A dichiararlo è Luigi Scotto, capogruppo del gruppo di opposizione “Argentario: Il progetto”.

“Lunedì 25 maggio si è riunita ed è stata formalizzata la ‘Commissione consiliare Covid-19’ – spiega Scotto -. La Commissione è stata istituita su richiesta di sei consiglieri di maggioranza e cinque di opposizione, e composta da loro undici. Come presidente è stato designato un consigliere di maggioranza. Ventidue giorni fa l’opposizione tutta ha richiesto un Consiglio comunale per istituire la sopracitata Commissione.

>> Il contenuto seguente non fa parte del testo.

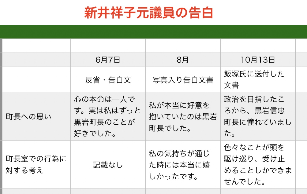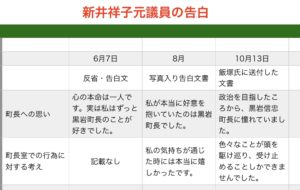 当該書籍によると、新井祥子元議員は反町長派のG議員の応援を得て初当選した。そのため、G議員から町長の悪口を書くこと、会話を録音するように言われ、その通りにしていたという。しかし、近づくうちに町長に好意を持ってしまったらしい。そのあたりは2019年6月に彼女が書いた文書①で好意を持っていることが明かされている。また、8月に書いた文書②がそのまま当該書籍に掲載されているので、以下に引用する。

Per regolamento comunale, quindi per legge, il presidente del Consiglio è obbligato a convocare il Consiglio comunale entro venti giorni da quella data, cioè entro l’altro ieri. Il regolamento, ovvero la legge, prevede inoltre che i consiglieri siano avvisati cinque giorni prima del Consiglio, ovvero sette giorni fa“.

“Va da sè che questa maggioranza sia completamente ‘fuori con l’accuso’, o per dirla più pacatamente, non assolva i suoi compiti istituzionali e non ottemperi ai regolamenti, e dunque alla legge. A cinque giorni dalla sua nascita non si hanno notizie ufficiali, ma, in via del tutto ufficiosa, parrebbe che il sindaco l’abbia bocciata. Tradotto: il sindaco ha detto a sei suoi consiglieri ‘No‘ – sottolinea Scotto -. Sei consiglieri di maggioranza avevano richiesto una commissione per l’emergenza Covid-19 e il sindaco ha risposto loro picche. Cinque consiglieri di minoranza avevano dato la loro disponibilità a dare una mano all’amministrazione in questa grave emergenza, disponibilità data oramai due mesi fa, ed il sindaco ha rifiutato questo aiuto. Questo per capire in che mani siamo e per lasciare a ciascuno la possibilità di trarre le ovvie conclusioni“.

“In più c’è da considerare che se il presidente del Consiglio non lo convoca, questo dà la possibilità di richiedere ai consiglieri la convocazione del Consiglio stesso da parte del Prefetto – termina Scotto -. Stiamo valutando come opposizione di procedere in questo senso“.